• [Work to be completed]
In this exercise, retype exactly the lines from the start of the entries through the line bearing "Каждый кусочек теста", leaving every picture out.

[Excerpts from a dataset]
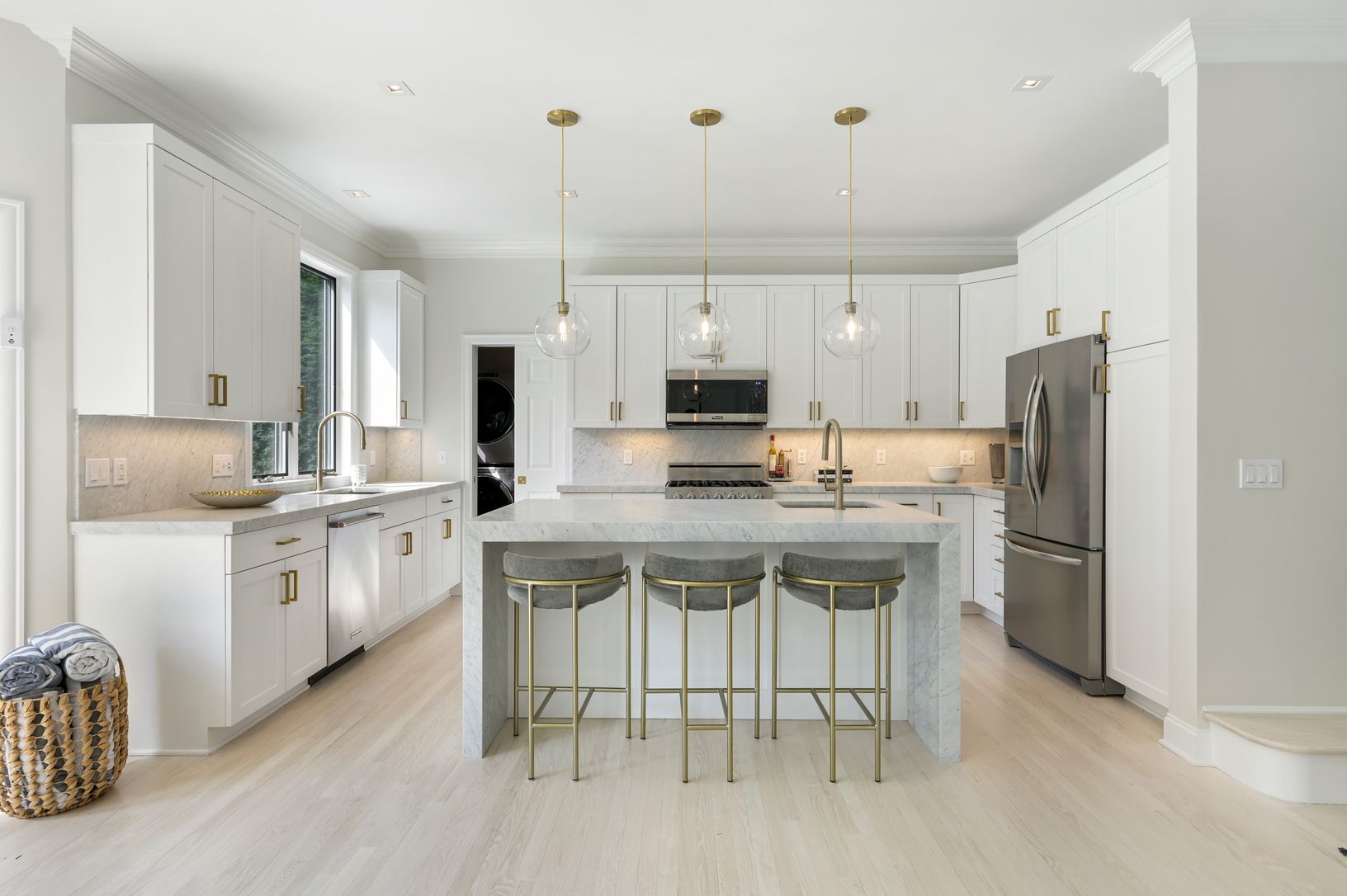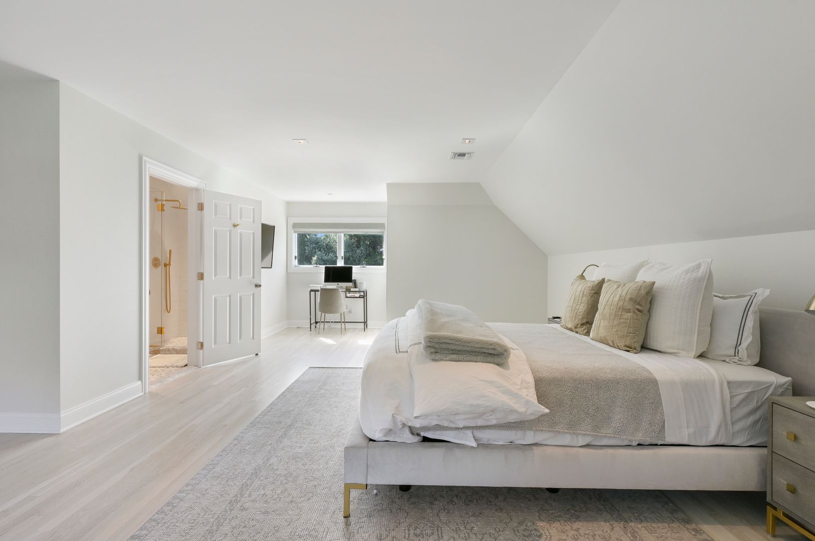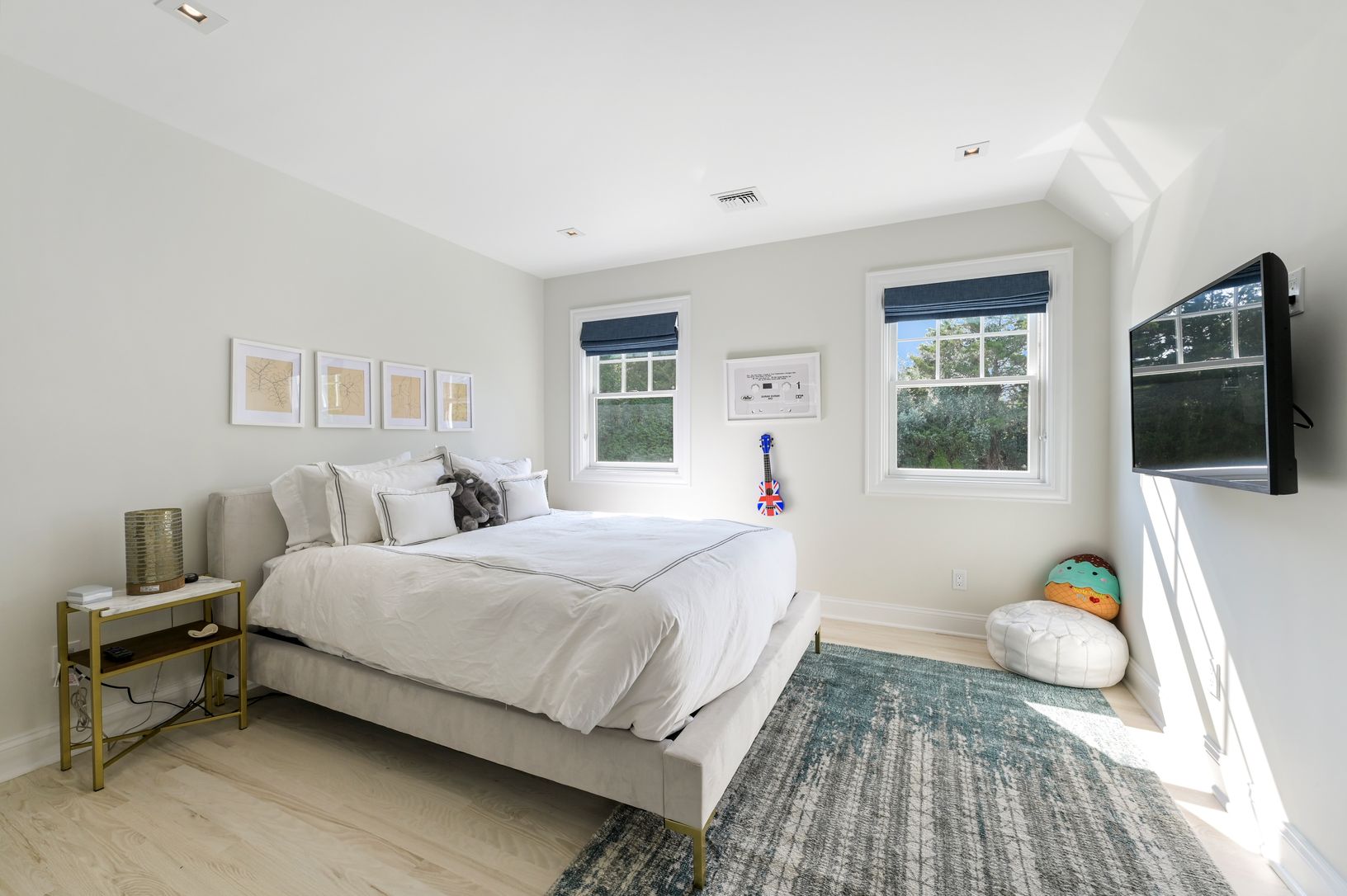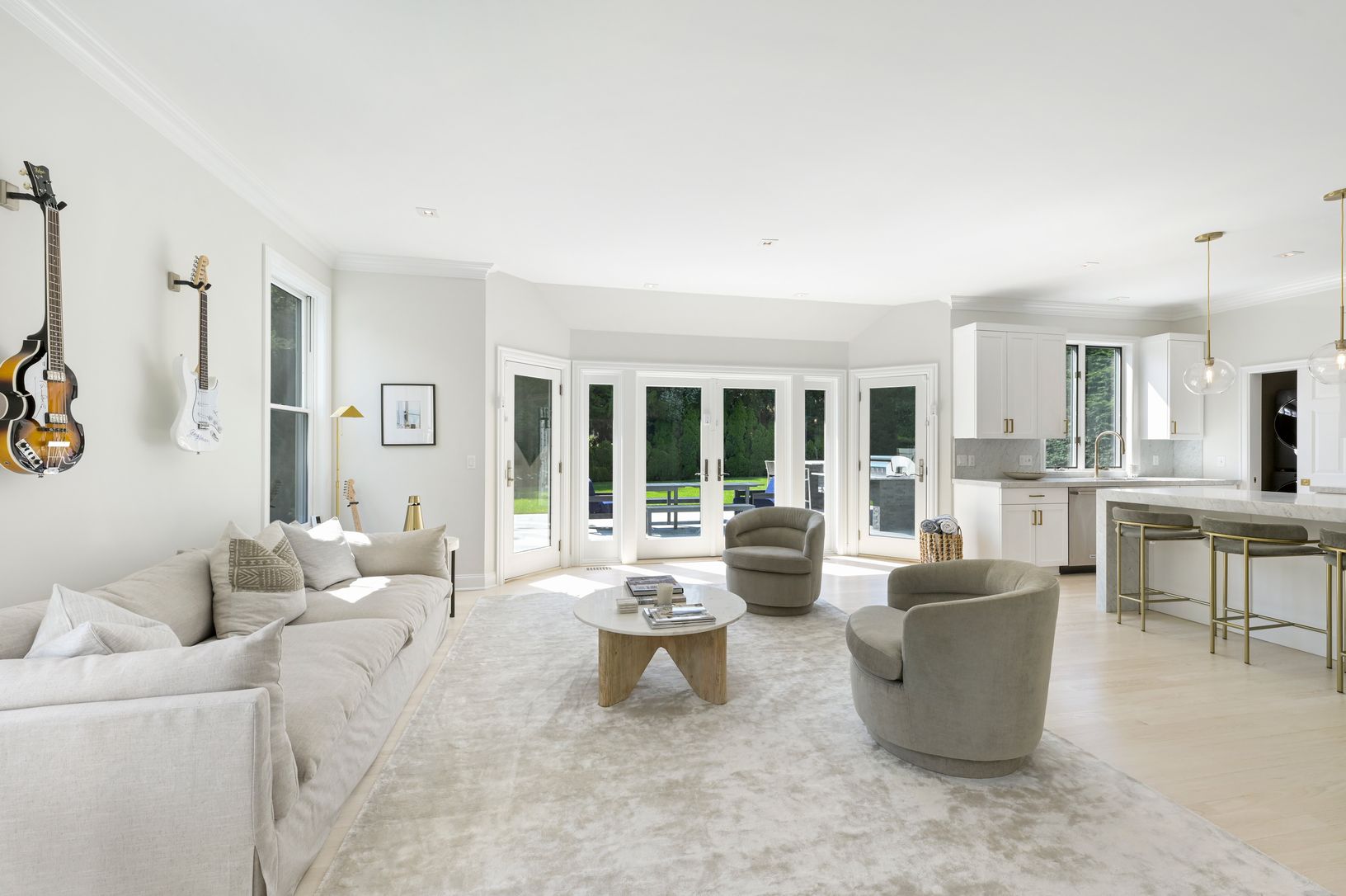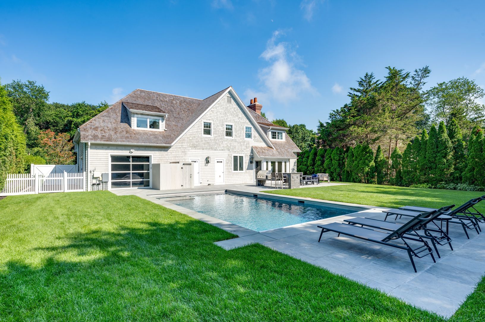 Newly & fully renovated retreat at 55 Gould Street, with access to all things East Hampton, close to town, train and close to village beaches. The custom redesign of this Francis Fleetwood house has transformed this 4 bedroom, 4 full bath and 2 half bath home into a light, bright and airy oasis both inside and out. The first floor includes an inviting entryway, dining room, living room with fireplace, and an over-sized gourmet kitchen with
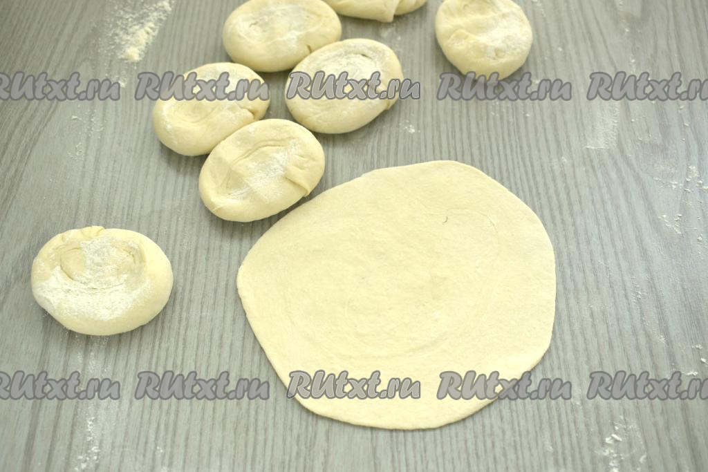 Каждый кусочек теста переворачиваем на срез, прижимаем сверху ладонью и раскатываем скалкой в лепёшку диаметром примерно 10-12 сантиметров.
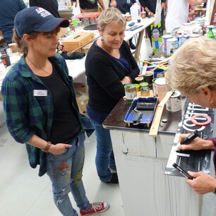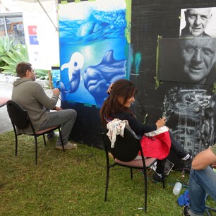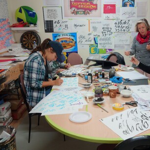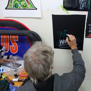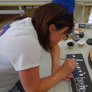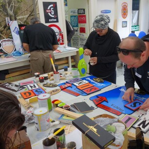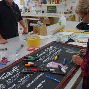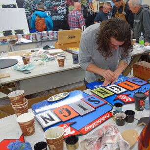 Many participants arrive with items to letter and decorate, including old fence posts, letterboxes, bar signs, and skateboard decks. In addition, a variety of materials are available on-site for creative expression.
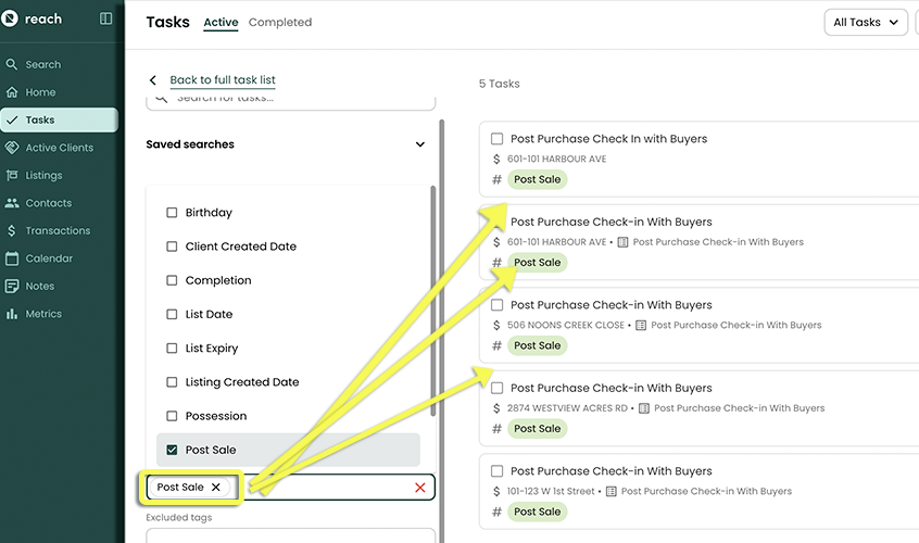 Agent Tom has created a few Automated Tasks, each Automated Task included various tags. One that he applied to 3 Automated Tasks was “Post Sale”. These Automated Tasks Tom created, were designed to reflect all Tasks that happen after (ie 'post') a Transaction Sale.
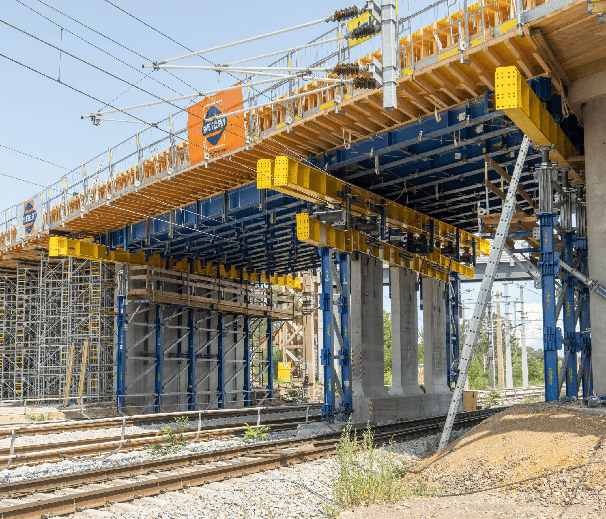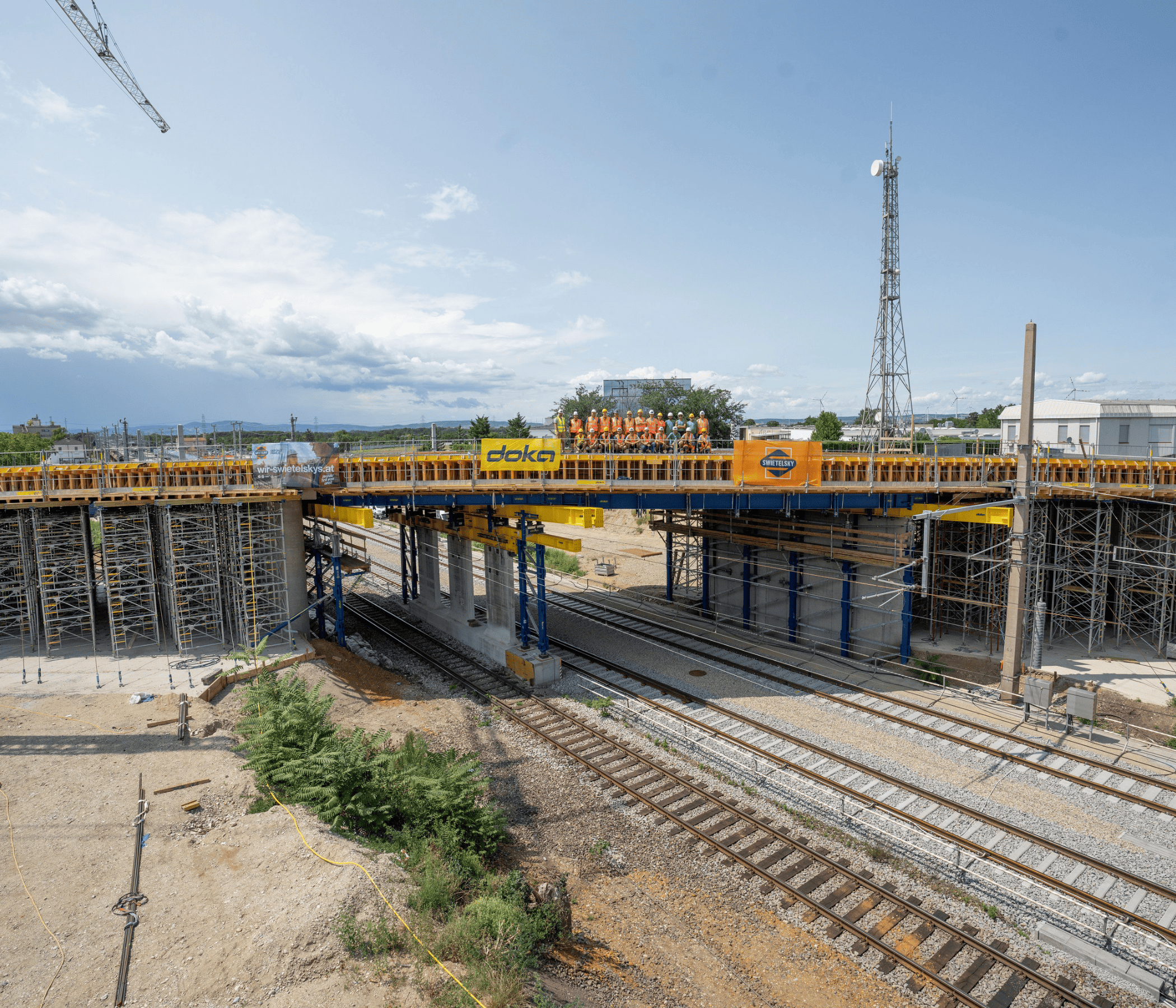Eine besondere Herausforderung bei diesem Bauvorhaben stellte die Einhaltung des Lichtraumprofils dar, das für den ungehinderten Zugverkehr freigehalten werden musste. Denn außerhalb der kurzzeitigen nächtlichen Sperren wurden die Gleise auch während der Bauphase befahren. Statt eine kostspielige, massive Stahlbau-Sonderanfertigung für die Unterstellung der Gleisbereiche zu beauftragen, konzipierte Doka eine leistungsstarke Unterstellung aus dem mietbaren Baukasten-System Doka UniKit. Ein bestehender Pfeiler der alten Brücke wurde dafür abgeschnitten und als Hilfspfeiler genutzt. Da das Aufrüsten den Mittelpfeilers aufgrund der Gleissperren sehr zeitkritisch war, bereitete sich die Baustellenmannschaft mit einer von Doka aufbereiteten Animation der „digitalen Vormontage“ auf diese Arbeiten vor.

• [Worked solution]
 Newly & fully renovated retreat at 55 Gould Street, with access to all things East Hampton, close to town, train and close to village beaches. The custom redesign of this Francis Fleetwood house has transformed this 4 bedroom, 4 full bath and 2 half bath home into a light, bright and airy oasis both inside and out. The first floor includes an inviting entryway, dining room, living room with fireplace, and an over-sized gourmet kitchen with
 Каждый кусочек теста переворачиваем на срез, прижимаем сверху ладонью и раскатываем скалкой в лепёшку диаметром примерно 10-12 сантиметров.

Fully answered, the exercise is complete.